Expert note (faithful translation):

  1. The craft of this writing template is how to make a simple pipeline look novel.
  2. Note: this is not about making the insight look novel, but about making the pipeline steps look novel.
  3. In most cases this is not recommended.
  4. The better target is to clearly explain how the core contribution is implemented in Introduction.
% To tackle this problem, we propose a novel 3D GAN training method to generate photo-realistic images irrespective of the viewing angle.

% Introduce key idea
% Our key idea is as follows. To ease the challenging problem of learning photorealistic and multi-view consistent image synthesis, we cast the problem into two subproblems, each of which can be solved more easily.

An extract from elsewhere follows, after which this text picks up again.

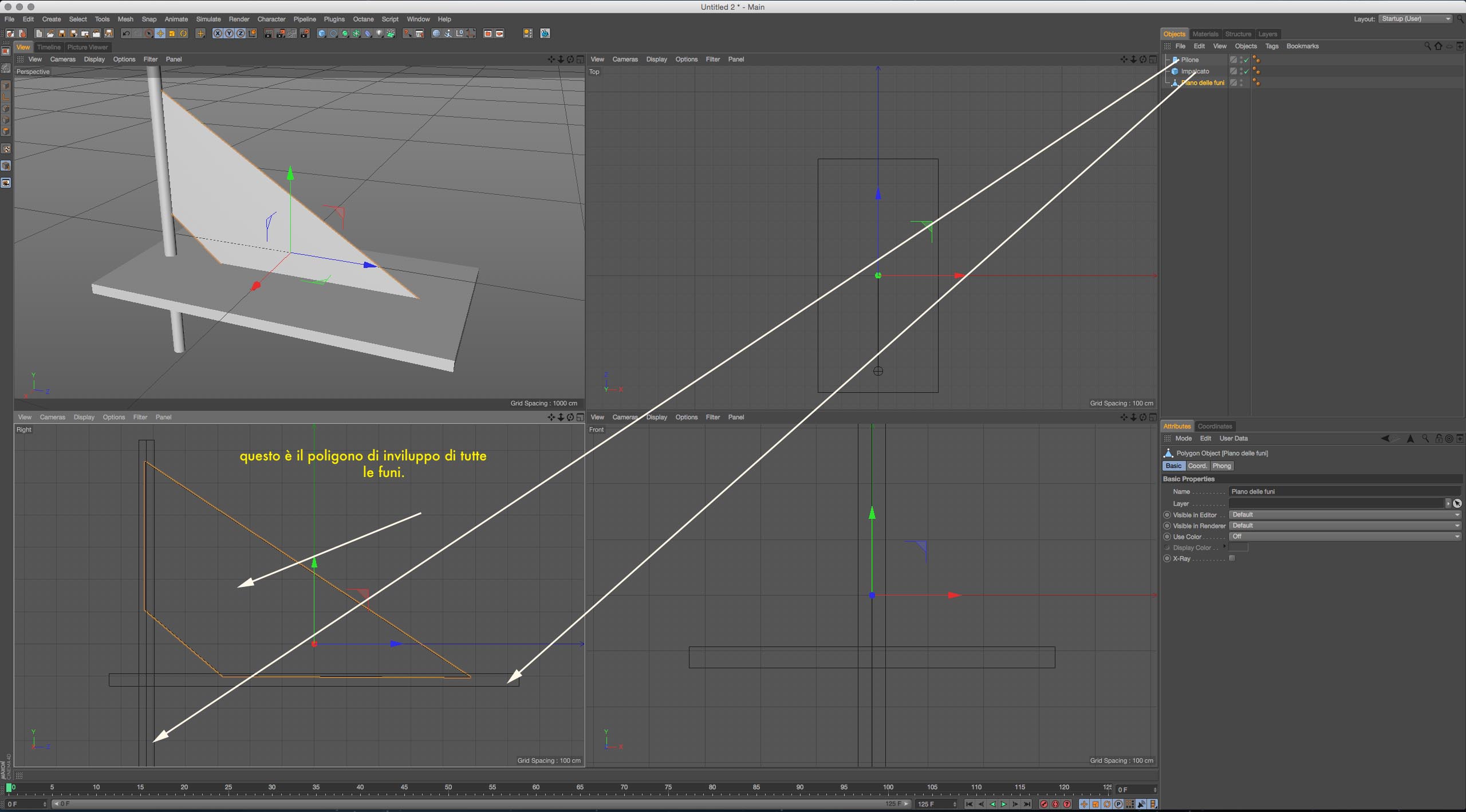 Adesso però ho bisogno del vostro aiuto per non impazzire. Mi hanno commissionato la renderizzazione di un ponte, che non esiste perché è ancora in fase progettuale, il mio problema è come realizzare in modo semplice tutte le funi di sostegno. Perchè tali funi partono da dei punti distribuiti sul piano orizzontale e convergono tutte su dei punti situali all'inizio del ponte.

% Explain why the key idea works, but without concretely discussing the full pipeline (or only discuss abstract benefit)
%% Example: Specifically, we formulate the problem as a combination of two simple discrimination problems, one of which learns to discriminate whether a synthesized image looks real or not, and the other learns to discriminate whether a synthesized image agrees with the camera pose. Unlike the formulations of the previous methods, which try to learn the real image distribution for each pose, or to learn pose estimation, our subproblems are much easier as each of them is analogous to a basic binary classification problem.

% Introduce pipeline modules with new terms but without clearly explaining the full pipeline (or skip concrete pipeline details)
%% Example: Based on this key idea, we propose a dual-branched discriminator, which has two branches for learning photorealism and pose consistency, respectively. As these branches are supervised explicitly for their respective purposes, high-quality images with pose consistency can be produced at each viewing angle, and consequently, the generator creates high-quality images and shapes. (This paragraph does not clearly explain how the pipeline works.)

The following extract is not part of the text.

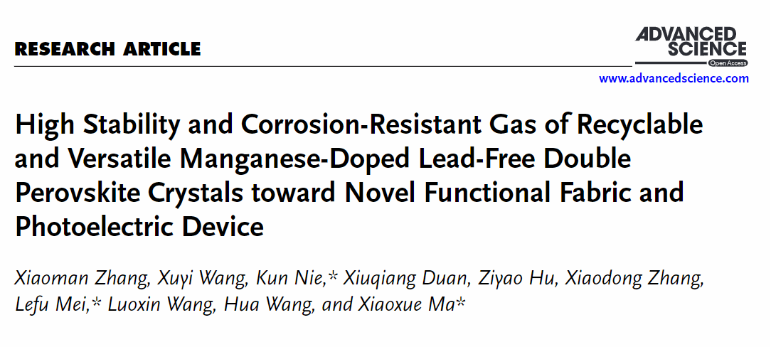 近日,综合性国际著名期刊《Advanced Science》(中科院大类1区Top期刊,影响因子IF=15.1)在线发表我校williamhill王桦教授团队聂坤博士和马晓雪博士等在无铅双钙钛矿与功能纤维复合材料方面取得的重要进展—“High Stability and Corrosion-Resistant Gas of Recyclable and Versatile Manganese-Doped Lead-Free Double Perovskite Crystals toward Novel Functional Fabric and Photoelectric Device” (DOI: https://doi.org/10.1002/advs.202403352)。williamhill中国为论文的第一署名单位。williamhill中国聂坤博士为第一通讯作者,马晓雪博士为共同通讯作者,论文第一作者为williamhill2023级硕士研究生张晓满。

% Introduce another contribution
%% Example: In addition, we propose a pose-matching loss to give supervision to the discriminator for the pose consistency, by considering a positive pose (i.e., rendering pose or ground truth pose) and a negative pose (i.e., irrelevant pose) for a given image. (This paragraph does not clearly explain how the pipeline works.)

% Explain expected benefit over prior methods
%% Example: For example, the frontal viewpoint is one of the irrelevant poses for a side-view image. As reported in the experiments, this loss helps improve image and shape quality. This can be interpreted as a simplification of a classification problem from a large number of classes into binary, which is composed of positive and negative pairs.